Made up of the bran, germ, and endosperm of the wheat grain, wheat berries are a type of whole grain with a crunchy texture and earthy taste.

Not only are wheat berries a good source of fiber and protein, but they can also boost your intake of several key micronutrients like iron, zinc, and magnesium (12).

You can eat cooked wheat berries in place of oatmeal and pair them with fresh fruits, nuts, and milk or yogurt for an easy and satisfying morning meal.

9. Chia seeds

Low in carbs but high in protein and heart-healthy fats, chia seeds are a great alternative to oatmeal when following a low-carb or ketogenic diet (13).

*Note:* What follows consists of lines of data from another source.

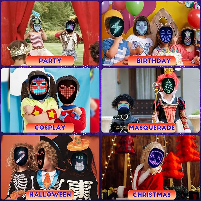 - [Fun and Inspiration Technology Mask]: The bright and vibrant colors, along with the excellent graphics and animations, ensure that you'll grab everyone's attention. Our Led Mask combines novelty and fun with a sense of technology, to make you stnad out at all the party!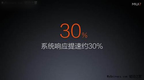 MIUI 7全面优化系统响应速度。MIUI 7缩短了系统响应时间,在App启动过程中将加载数据与窗口动画合为同步进行。不仅如此,MIUI 7还基于场景优化了CPU调度机制,在需要系统快速响应时让CPU极速运行,在其他时间则使用经济功耗。经过全面优化,MIUI 7系统响应提速约30%,让很多日常使用变得更得心应手、无往不利。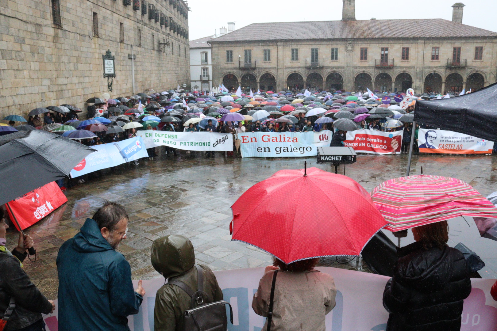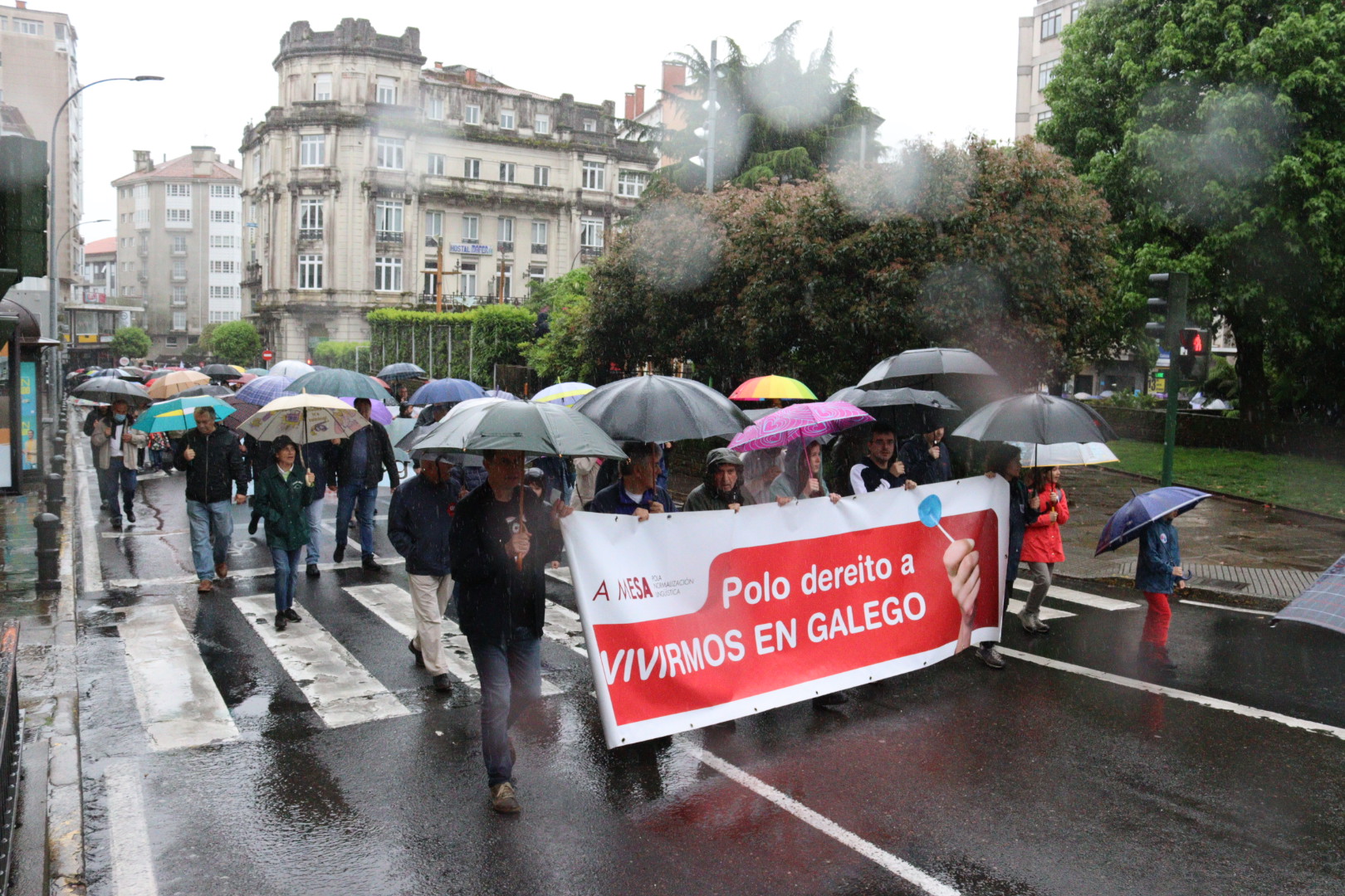 Baixo unha intensa e persistente choiva, milleiros de persoas tomaron as rúas de Compostela para celebrar o Día das Letras Galegas mais tamén para reivindicar “un novo futuro para a lingua” e reclamar o dereito a vivir en galego “agora e sempre”. A manifestación partiu da Alameda compostelá e rematou na praza da Quintana. Un percorrido no que as e os manifestantes proclamaron, máis unha vez: “Na Galiza, en galego”.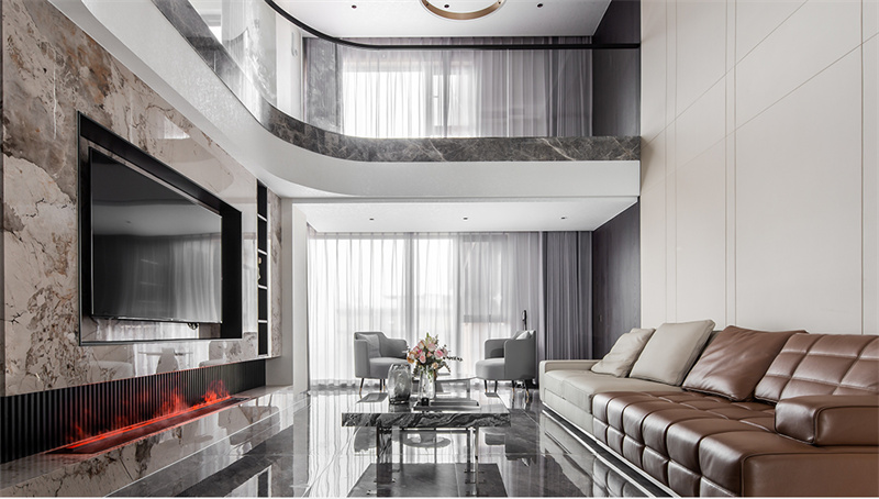 客廳以奢華和舒適為特點(diǎn),注重細(xì)節(jié)和藝術(shù)品味。大理石地板和墻壁飾面營(yíng)造出高貴的氛圍,精心挑選的藝術(shù)品、裝飾畫(huà),甚至是擺放在墻角的綠植,都彰顯了主人對(duì)生活品質(zhì)的追求和品味的獨(dú)特表達(dá)。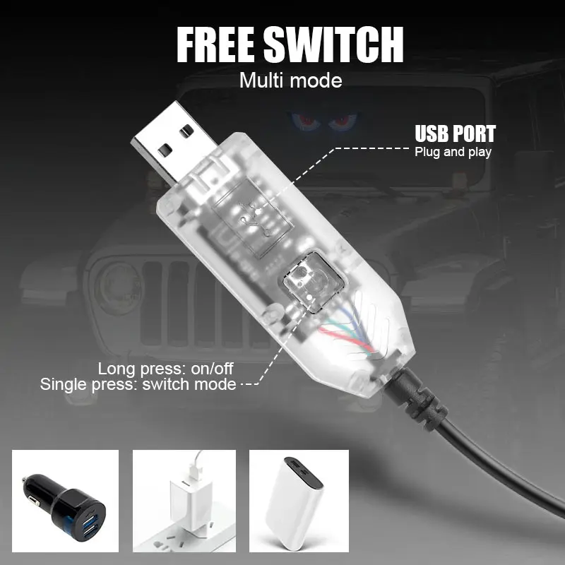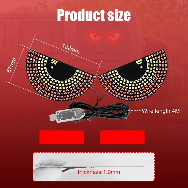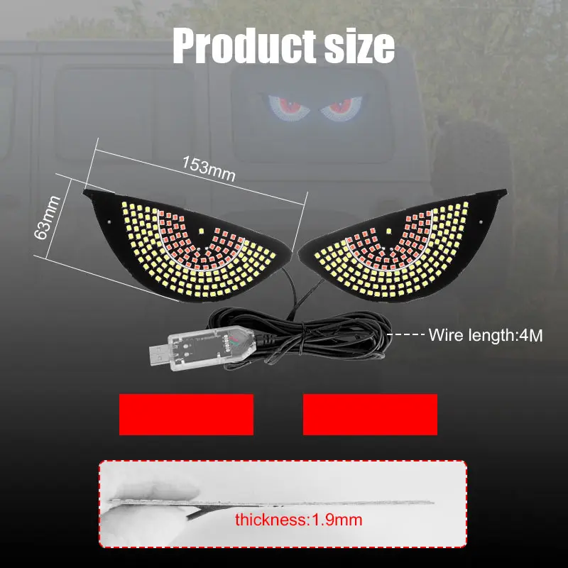 Car Back Window expression lights LED Strips Light Panel Car Windshield Display Devil's Eye Decorative Lamps USB Plug Lighting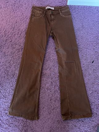 Vaqueros de campana de la marca Bershka en color marrón. Un básico para tu armario. - Corte acampanado. - Diseño de cuatro bolsillos. - Cierre de cremallera y botón.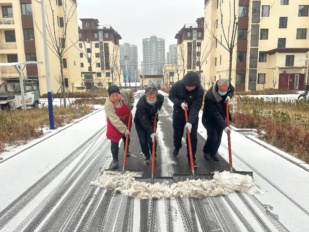 長田物業(yè)北城花園項目部,鼓風(fēng)機轟鳴作響。以速度對抗嚴寒,用設(shè)備助力清雪,積雪消融處,是暢通無阻的坦途,更是刻在骨子里的擔(dān)當(dāng)。

You can try making chia seed oatmeal overnight by combining chia seeds with shredded coconut, unsweetened almond milk, your favorite spices, and a low carb sweetener. .

You can also add sliced ​​almonds, nuts or dried fruits to enhance the flavor.

10. Hemp seeds

For an easy way to get more healthy fats, fiber, protein, and vitamin E into your daily diet, consider using hemp seeds in place of your oatmeal (14).

Hemp seeds work best when combined with other keto-friendly ingredients, such as chia seeds or flax seeds, to create a delicious breakfast bowl.

Combine them with unsweetened almond milk, stevia, almond butter, and pecans. Heat it up on the stove or in the microwave and enjoy your keto-friendly breakfast.

11. Almond flour

Made from blanched and ground almonds, ground almonds can be used in many of your favorite baked goods in place of oats.

It’s also packed with important nutrients, helping to boost your fiber, protein, and vitamin E intake (15).

Almond flour has a coarser consistency than almond flour and works especially well in foods like cookies, cakes, muffins and quick breads.

12. Spelled flour

Spelled flour packs a nutritional punch. It has a good amount of protein, fiber, manganese, and niacin in each serving (16).

It also has a rich taste and chewy texture that can make it a good substitute for oats in baking.

You can buy spelled flour as is or blend spelled berries in a food processor to make spelled flour at home.

You can use spelled flour in place of oats when making your favorite muffins, breads, cookies, scones or cakes.

Whether you’re trying to increase your protein intake or follow a paleo, ketogenic, or gluten-free diet, there are plenty of oatmeal alternatives to choose from.

In addition to changing up your breakfast base with some of the options listed above, you can get creative with your toppings and mix-ins.

Fresh fruits, nuts, seeds, nut butters, chocolate chips, coconut flakes, jam, cinnamon, vanilla, and nutmeg are all tasty toppings you can try.

Don’t be afraid to get creative with your oatmeal alternatives. All of these oat alternatives can be combined with delicious, nutritious toppings. Have fun with your breakfast recipes, whatever your dietary needs!